I am at the 2015 WSIS Forum in Geneva this week where the latest statistics were released confirming the digital revolution. In addition, I followed up on the earlier IT World interview with Houlin Zhao.

“These new figures not only show the rapid technological progress made to date, but also help us identify those being left behind in the fast-evolving digital economy, as well as the areas where ICT investment is needed most,” said ITU Secretary-General Houlin Zhao at the press conference to launch the report.

Houlin also reiterated his resolve to work with ICT executives aligned with his interview with IT World where he offered the opportunity to have a bigger chance to network in different countries or even different regions.

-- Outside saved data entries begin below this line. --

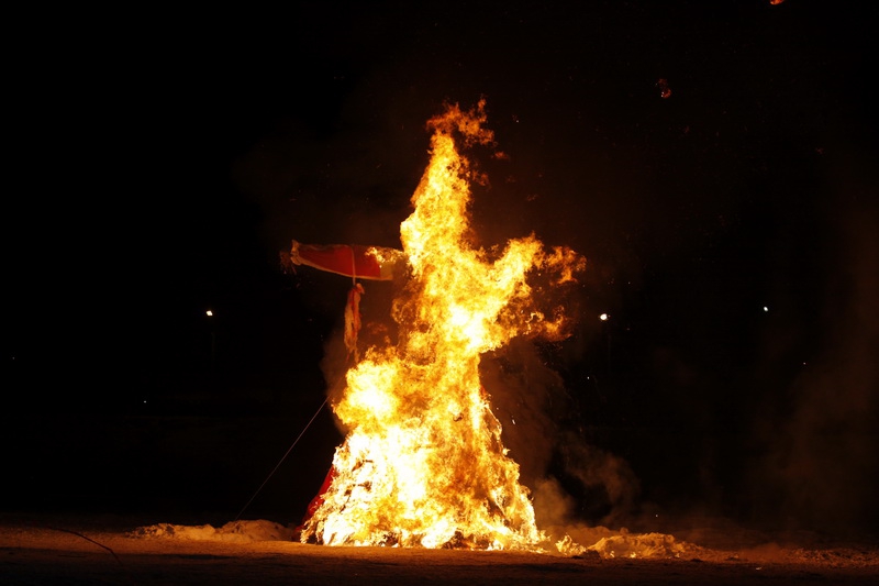 Темп главной российской масленицы ощутимо ускорялся с наступлением сумерек. Всё-таки при дневном свете ощущалась некоторая скованность приезжего люда (большей частью – питерских и московских), а вот с приближением темноты началось настоящее веселье. На высоченный голый столб норовили залезть уже все, кому не лень. Борьба за многочисленные призы в конкурсах приняла ажиотажный характер, выросли ставки на благотворительном аукционе, где народ бойко торговался за свежеиспечённые блины (начинались торги всякий раз с цены в один рубль).
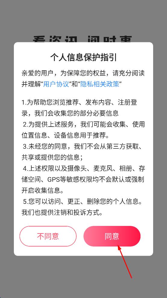 1、打開江門邑網(wǎng)通,在彈出的隱私政策界面,找到“同意”按鈕,點擊該按鈕。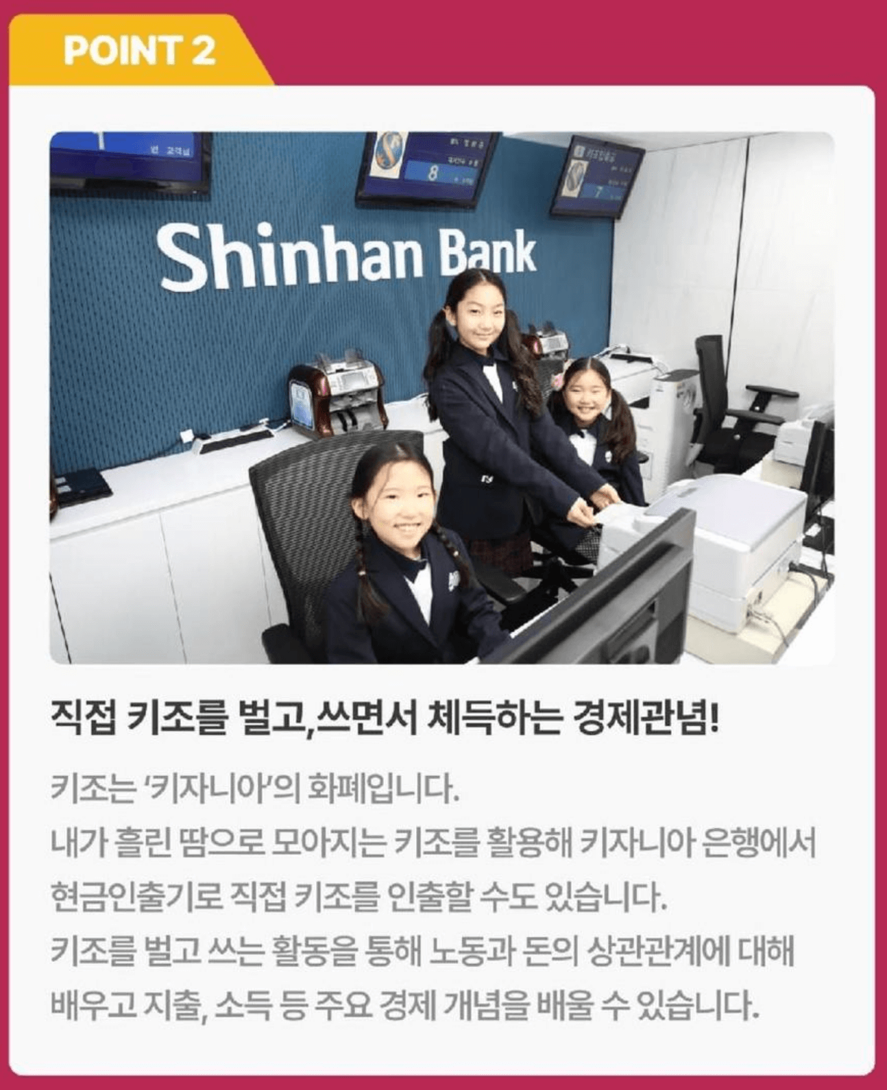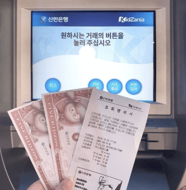 ATM에서 현금 인출: 키자니아 내에 설치된 ATM에서는 자신의 현금카드를 사용해 키조를 인출할 수 있습니다. 이 과정에서 아이들은 실제 은행 시스템과 유사한 경험을 하게 됩니다.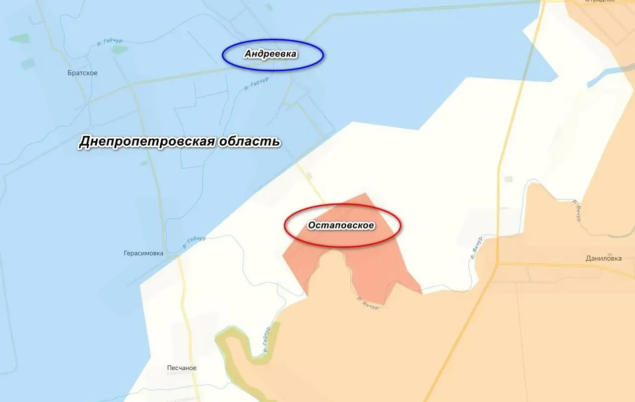 Всего российские бойцы освободили порядка пяти квадратных километров территории, взят под контроль очередной узел обороны противника в Днепропетровской области. Противник потерял в боях за село порядка роты личного состава и более 10 единиц техники. Как предполагается, после Остаповского наши пойдут на Андреевку, расположенную севернее. Тем более, что украинский гарнизон этого села отрезан от снабжения после уничтожения моста через реку Гайчур.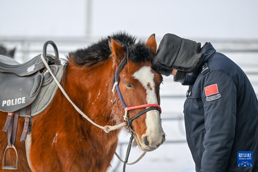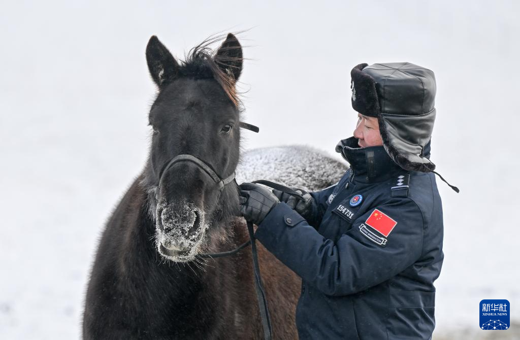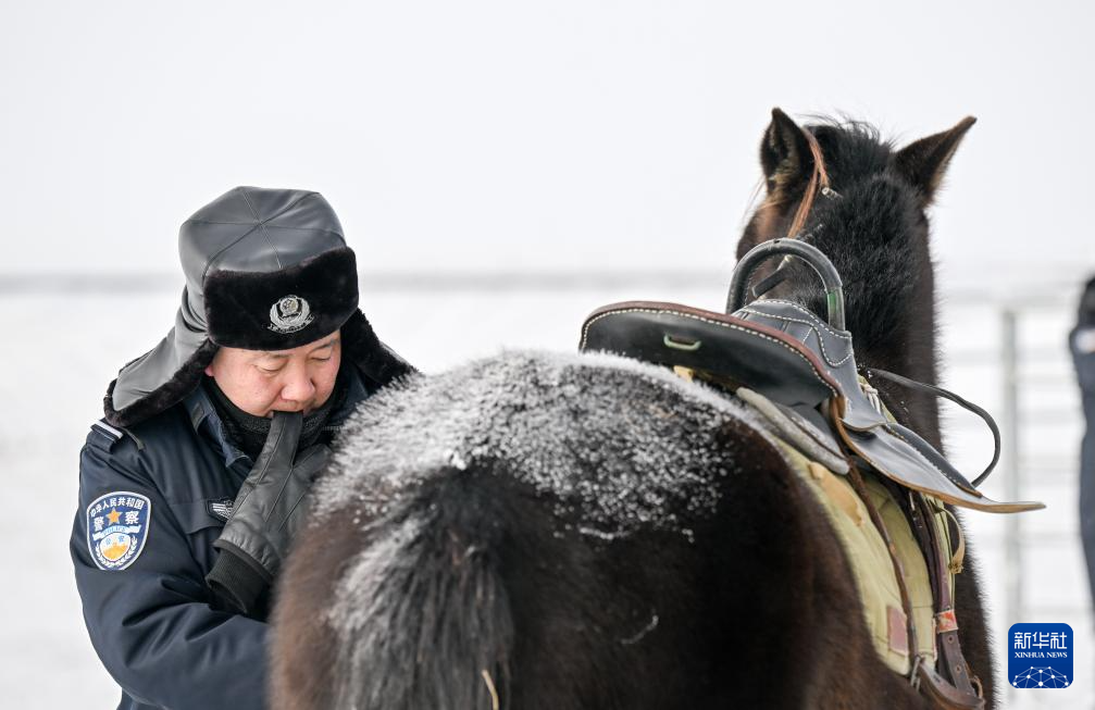 2024年12月27日,马背警队民警赛音白乙拉给马套上笼头。新华社记者 连振 摄

This is relevant for IT executives as ITU is the leading United Nations agency for information and communication technologies (ICT), driving innovation in ICTs together with 193 Member States and a membership of over 700 private sector entities and academic institutions.

From the private sector, John Davies, vice-president of Intel, is a prime example. At WSIS, I had a good discussion with him where he outlined many innovative projects. John is leading the World Ahead program and is instrumental in providing support for expanding internet availability, accessibility and education to the world’s 7 billion population. John noted, in my prior chat with him,  “Intel World Ahead focuses on 4 pillars — affordable devices, affordable/available connectivity, training and content. These 4 are required for all vertical areas (Education, Healthcare, Government services, reaching lower income citizens and for rural). At any point in time we are engaged in perhaps 200 Digital Divide programs globally. Our flagship is education where we enable (reference design) purpose built PC’s and tablets for k12 students, have ICT trained over 12 million teachers with “Intel Teach”, work with telcos and governments on connecting schools and work with publishers to enable electronic content, analytics and assessment.” John has a diagram which illustrates how internet access can be expanded and particularly with shared access in smaller communities.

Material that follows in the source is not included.